DATA SUPPLIED →
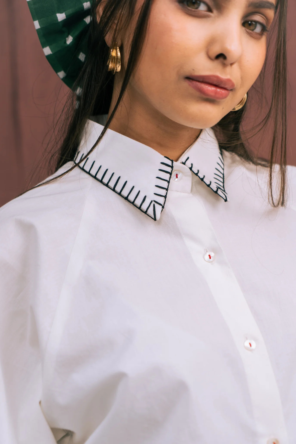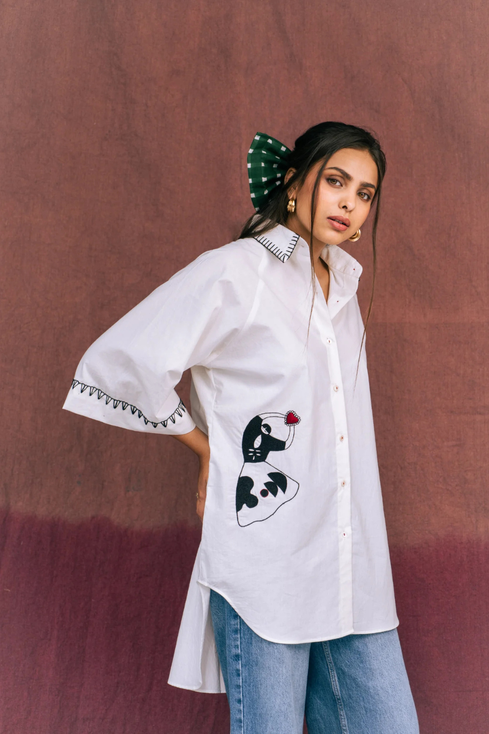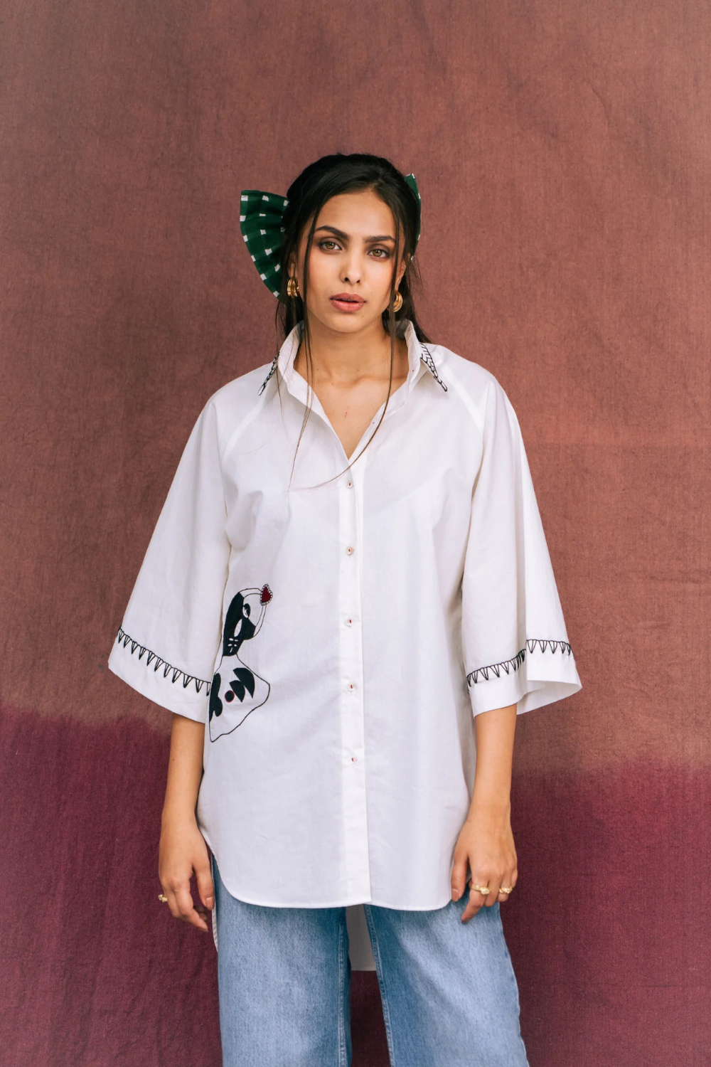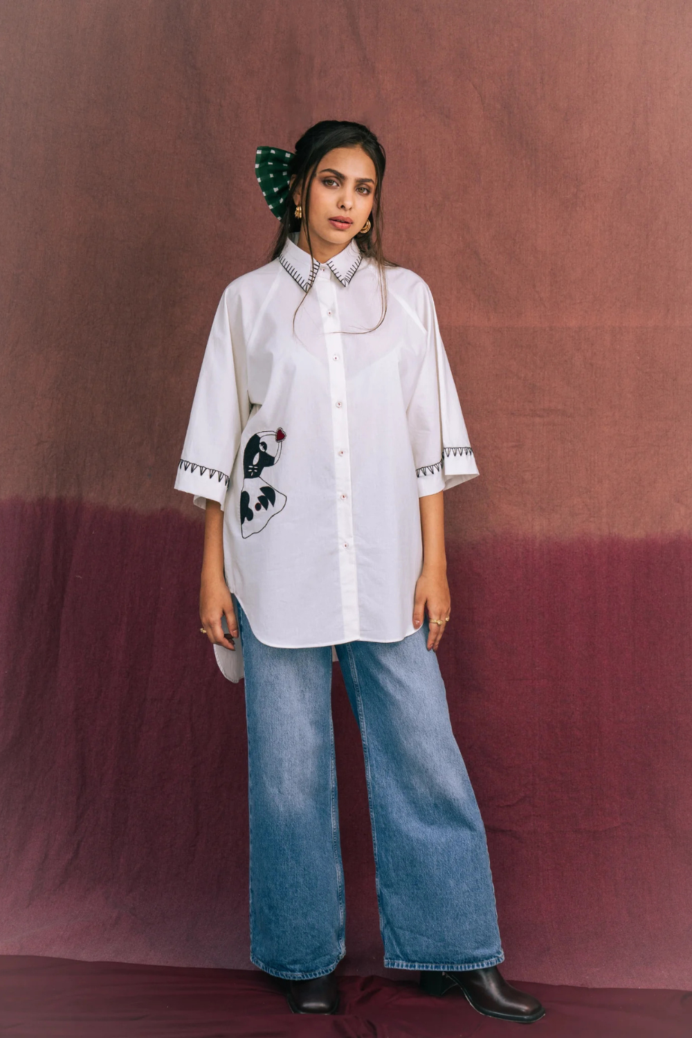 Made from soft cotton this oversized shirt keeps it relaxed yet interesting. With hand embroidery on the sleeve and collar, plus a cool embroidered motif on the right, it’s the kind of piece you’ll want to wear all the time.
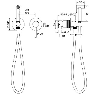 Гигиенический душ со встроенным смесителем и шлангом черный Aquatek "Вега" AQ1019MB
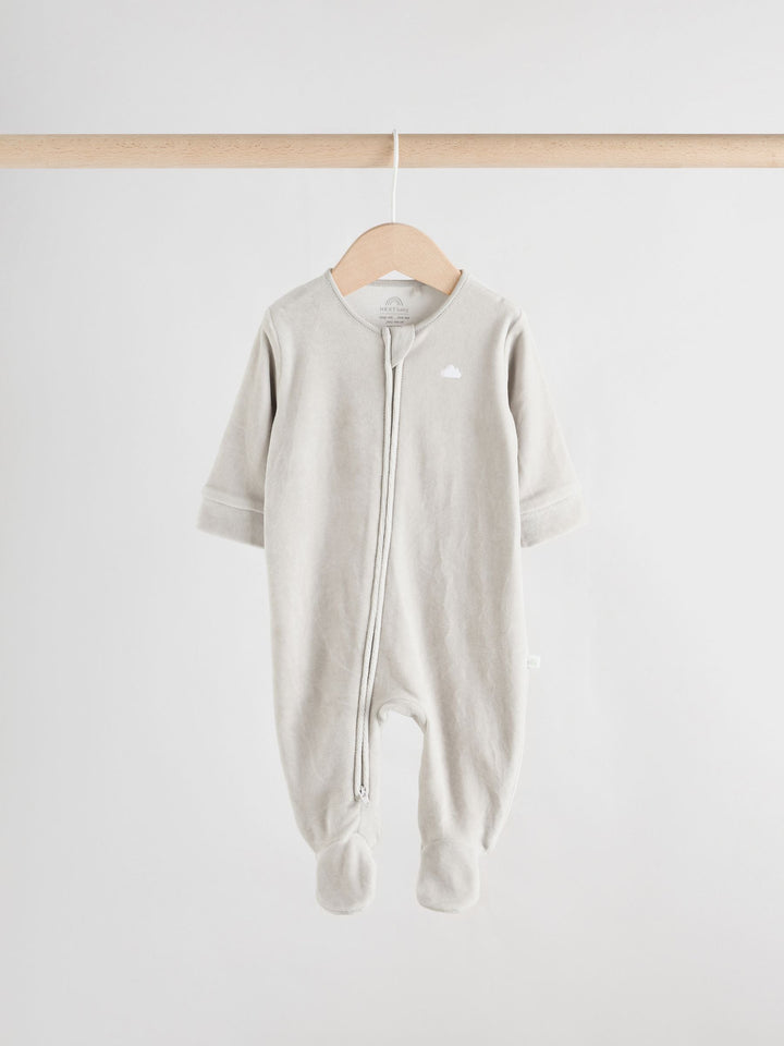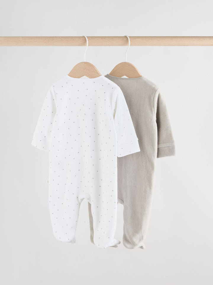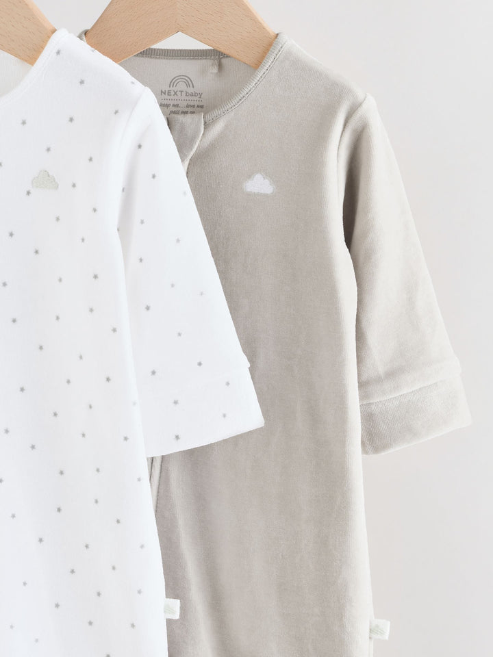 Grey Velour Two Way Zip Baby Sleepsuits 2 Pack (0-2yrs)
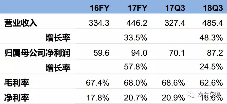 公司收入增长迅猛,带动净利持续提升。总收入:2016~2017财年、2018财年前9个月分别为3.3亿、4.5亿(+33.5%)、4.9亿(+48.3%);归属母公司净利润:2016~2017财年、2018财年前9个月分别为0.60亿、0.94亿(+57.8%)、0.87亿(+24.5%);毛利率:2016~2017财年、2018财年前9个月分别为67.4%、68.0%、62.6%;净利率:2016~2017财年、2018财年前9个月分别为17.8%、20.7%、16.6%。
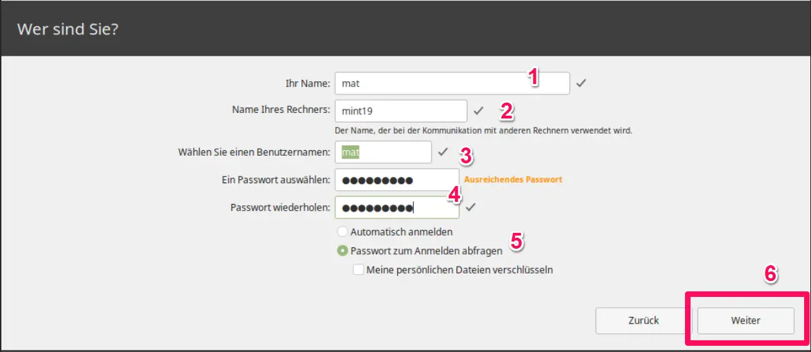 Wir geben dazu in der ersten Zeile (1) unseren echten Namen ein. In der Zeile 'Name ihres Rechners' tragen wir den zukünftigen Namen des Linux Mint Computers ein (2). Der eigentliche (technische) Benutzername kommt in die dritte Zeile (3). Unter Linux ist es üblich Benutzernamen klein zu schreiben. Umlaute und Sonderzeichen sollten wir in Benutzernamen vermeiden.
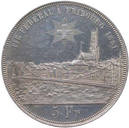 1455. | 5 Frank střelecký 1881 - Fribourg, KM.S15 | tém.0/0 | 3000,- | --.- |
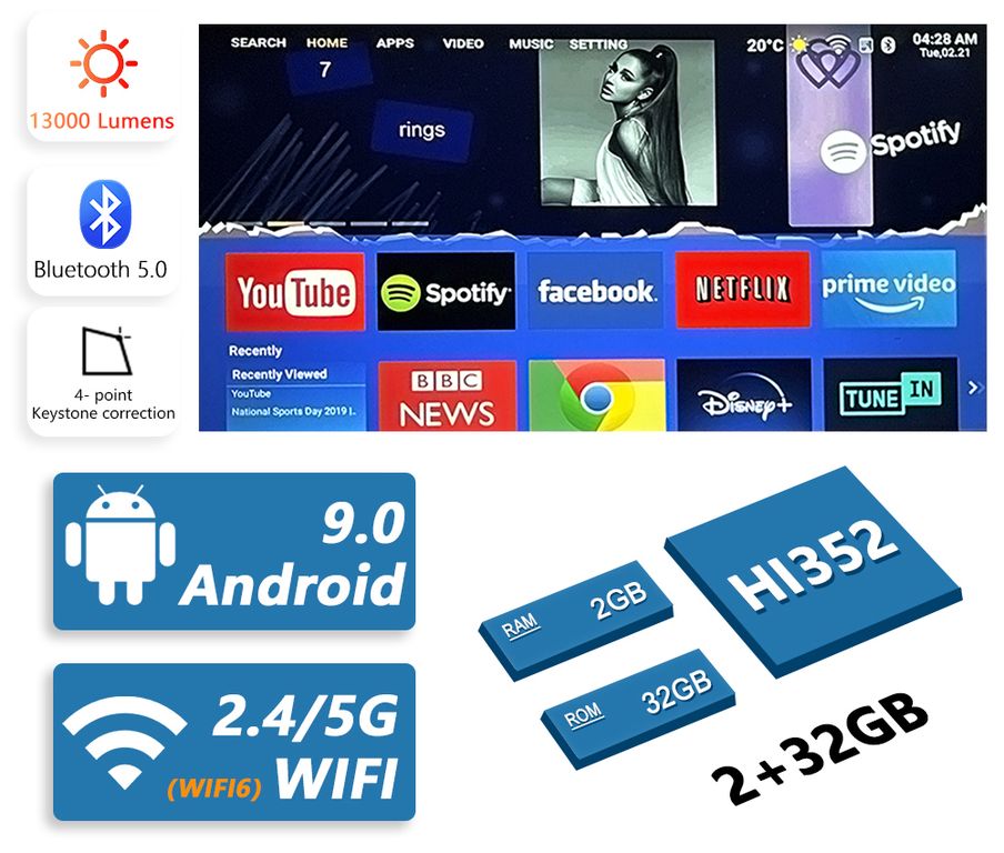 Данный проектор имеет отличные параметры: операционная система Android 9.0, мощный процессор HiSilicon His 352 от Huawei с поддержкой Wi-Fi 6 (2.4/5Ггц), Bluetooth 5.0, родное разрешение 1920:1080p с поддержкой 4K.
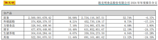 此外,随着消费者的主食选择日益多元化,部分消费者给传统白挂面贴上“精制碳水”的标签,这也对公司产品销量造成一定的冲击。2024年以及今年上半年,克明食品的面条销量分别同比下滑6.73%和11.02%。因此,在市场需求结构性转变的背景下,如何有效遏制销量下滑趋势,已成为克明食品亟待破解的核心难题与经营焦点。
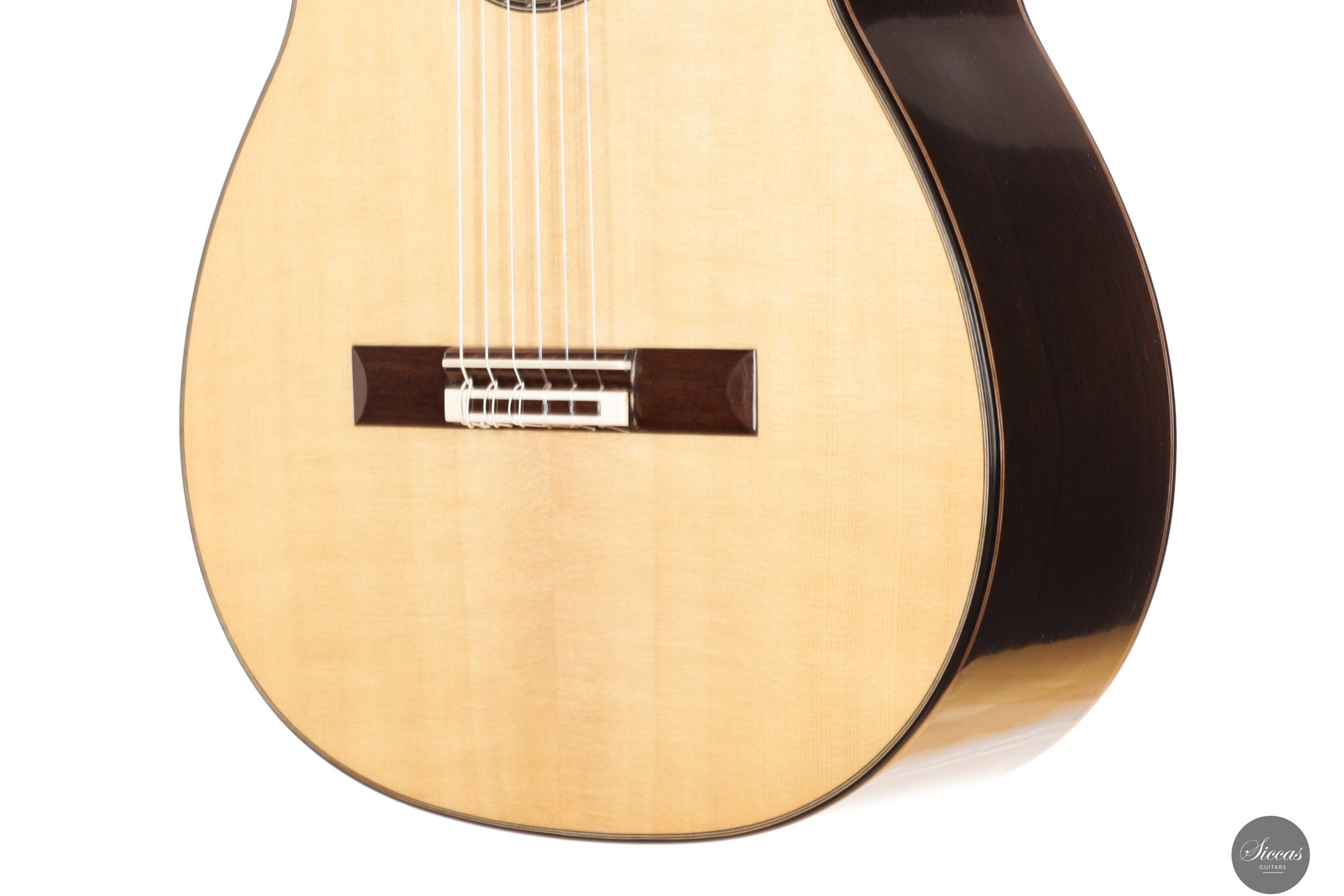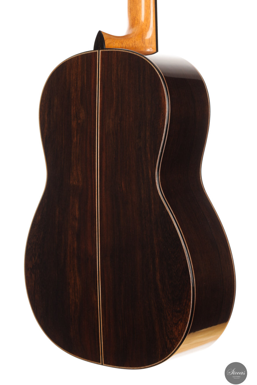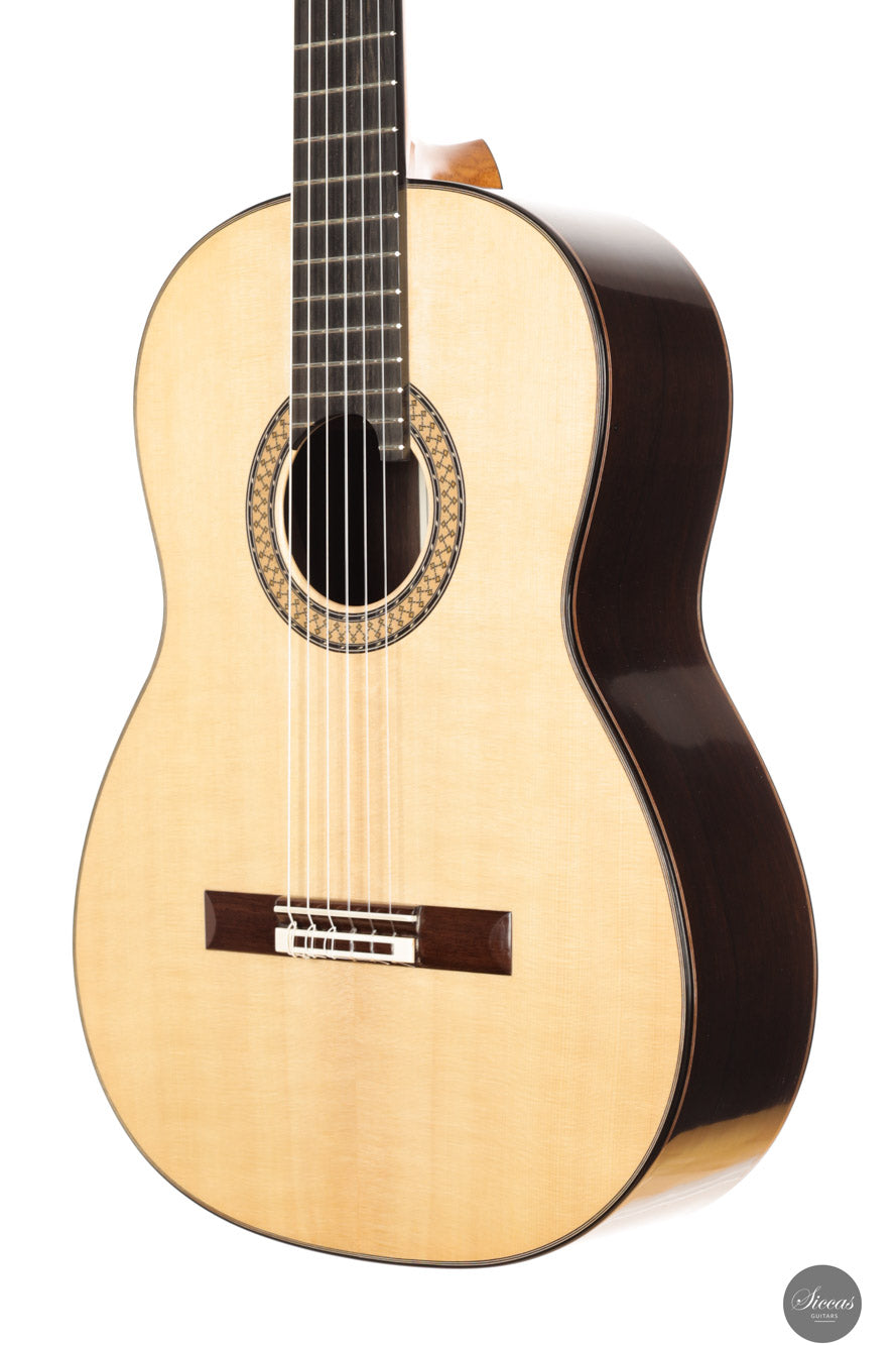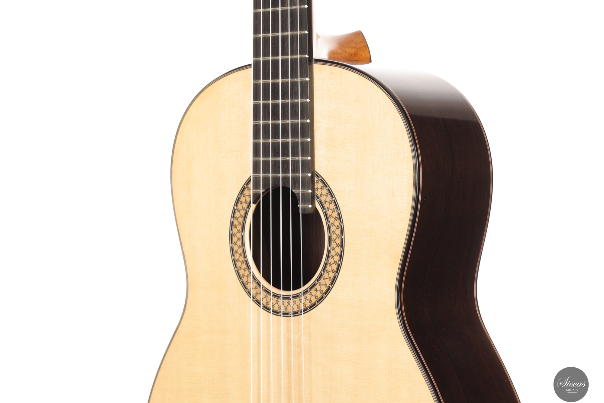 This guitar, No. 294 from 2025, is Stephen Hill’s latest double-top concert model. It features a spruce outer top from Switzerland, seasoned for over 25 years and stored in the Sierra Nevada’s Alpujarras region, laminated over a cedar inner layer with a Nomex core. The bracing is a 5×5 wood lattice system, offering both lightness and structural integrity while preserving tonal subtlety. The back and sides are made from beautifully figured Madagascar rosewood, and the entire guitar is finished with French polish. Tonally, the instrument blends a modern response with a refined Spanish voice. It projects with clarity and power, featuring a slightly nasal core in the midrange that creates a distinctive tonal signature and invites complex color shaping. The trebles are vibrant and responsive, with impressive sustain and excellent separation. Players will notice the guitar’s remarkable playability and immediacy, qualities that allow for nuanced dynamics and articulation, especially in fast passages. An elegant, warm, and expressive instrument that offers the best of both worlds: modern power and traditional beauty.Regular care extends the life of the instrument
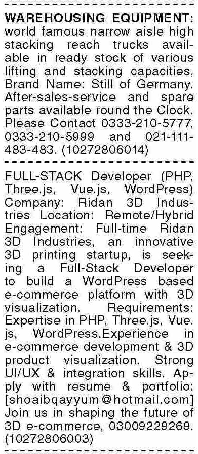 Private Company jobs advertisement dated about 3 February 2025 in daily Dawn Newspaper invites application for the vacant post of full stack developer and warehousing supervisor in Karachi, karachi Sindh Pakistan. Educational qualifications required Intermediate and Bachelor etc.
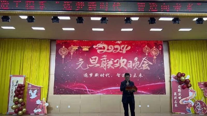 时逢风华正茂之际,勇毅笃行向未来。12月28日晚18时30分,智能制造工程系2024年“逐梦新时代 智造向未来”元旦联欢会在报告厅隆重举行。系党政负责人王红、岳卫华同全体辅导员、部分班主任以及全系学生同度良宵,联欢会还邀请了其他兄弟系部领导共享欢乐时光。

EXERCISE OBJECTIVE → The answer must be an exact copy of the records, with no images in it.

OUTPUT OF THE EXERCISE →
 Made from soft cotton this oversized shirt keeps it relaxed yet interesting. With hand embroidery on the sleeve and collar, plus a cool embroidered motif on the right, it’s the kind of piece you’ll want to wear all the time.
 Гигиенический душ со встроенным смесителем и шлангом черный Aquatek "Вега" AQ1019MB
 Grey Velour Two Way Zip Baby Sleepsuits 2 Pack (0-2yrs)
 公司收入增长迅猛,带动净利持续提升。总收入:2016~2017财年、2018财年前9个月分别为3.3亿、4.5亿(+33.5%)、4.9亿(+48.3%);归属母公司净利润:2016~2017财年、2018财年前9个月分别为0.60亿、0.94亿(+57.8%)、0.87亿(+24.5%);毛利率:2016~2017财年、2018财年前9个月分别为67.4%、68.0%、62.6%;净利率:2016~2017财年、2018财年前9个月分别为17.8%、20.7%、16.6%。
 Wir geben dazu in der ersten Zeile (1) unseren echten Namen ein. In der Zeile 'Name ihres Rechners' tragen wir den zukünftigen Namen des Linux Mint Computers ein (2). Der eigentliche (technische) Benutzername kommt in die dritte Zeile (3). Unter Linux ist es üblich Benutzernamen klein zu schreiben. Umlaute und Sonderzeichen sollten wir in Benutzernamen vermeiden.
 1455. | 5 Frank střelecký 1881 - Fribourg, KM.S15 | tém.0/0 | 3000,- | --.- |
 Данный проектор имеет отличные параметры: операционная система Android 9.0, мощный процессор HiSilicon His 352 от Huawei с поддержкой Wi-Fi 6 (2.4/5Ггц), Bluetooth 5.0, родное разрешение 1920:1080p с поддержкой 4K.
 此外,随着消费者的主食选择日益多元化,部分消费者给传统白挂面贴上“精制碳水”的标签,这也对公司产品销量造成一定的冲击。2024年以及今年上半年,克明食品的面条销量分别同比下滑6.73%和11.02%。因此,在市场需求结构性转变的背景下,如何有效遏制销量下滑趋势,已成为克明食品亟待破解的核心难题与经营焦点。
 This guitar, No. 294 from 2025, is Stephen Hill’s latest double-top concert model. It features a spruce outer top from Switzerland, seasoned for over 25 years and stored in the Sierra Nevada’s Alpujarras region, laminated over a cedar inner layer with a Nomex core. The bracing is a 5×5 wood lattice system, offering both lightness and structural integrity while preserving tonal subtlety. The back and sides are made from beautifully figured Madagascar rosewood, and the entire guitar is finished with French polish. Tonally, the instrument blends a modern response with a refined Spanish voice. It projects with clarity and power, featuring a slightly nasal core in the midrange that creates a distinctive tonal signature and invites complex color shaping. The trebles are vibrant and responsive, with impressive sustain and excellent separation. Players will notice the guitar’s remarkable playability and immediacy, qualities that allow for nuanced dynamics and articulation, especially in fast passages. An elegant, warm, and expressive instrument that offers the best of both worlds: modern power and traditional beauty.Regular care extends the life of the instrument
 Private Company jobs advertisement dated about 3 February 2025 in daily Dawn Newspaper invites application for the vacant post of full stack developer and warehousing supervisor in Karachi, karachi Sindh Pakistan. Educational qualifications required Intermediate and Bachelor etc.
 时逢风华正茂之际,勇毅笃行向未来。12月28日晚18时30分,智能制造工程系2024年“逐梦新时代 智造向未来”元旦联欢会在报告厅隆重举行。系党政负责人王红、岳卫华同全体辅导员、部分班主任以及全系学生同度良宵,联欢会还邀请了其他兄弟系部领导共享欢乐时光。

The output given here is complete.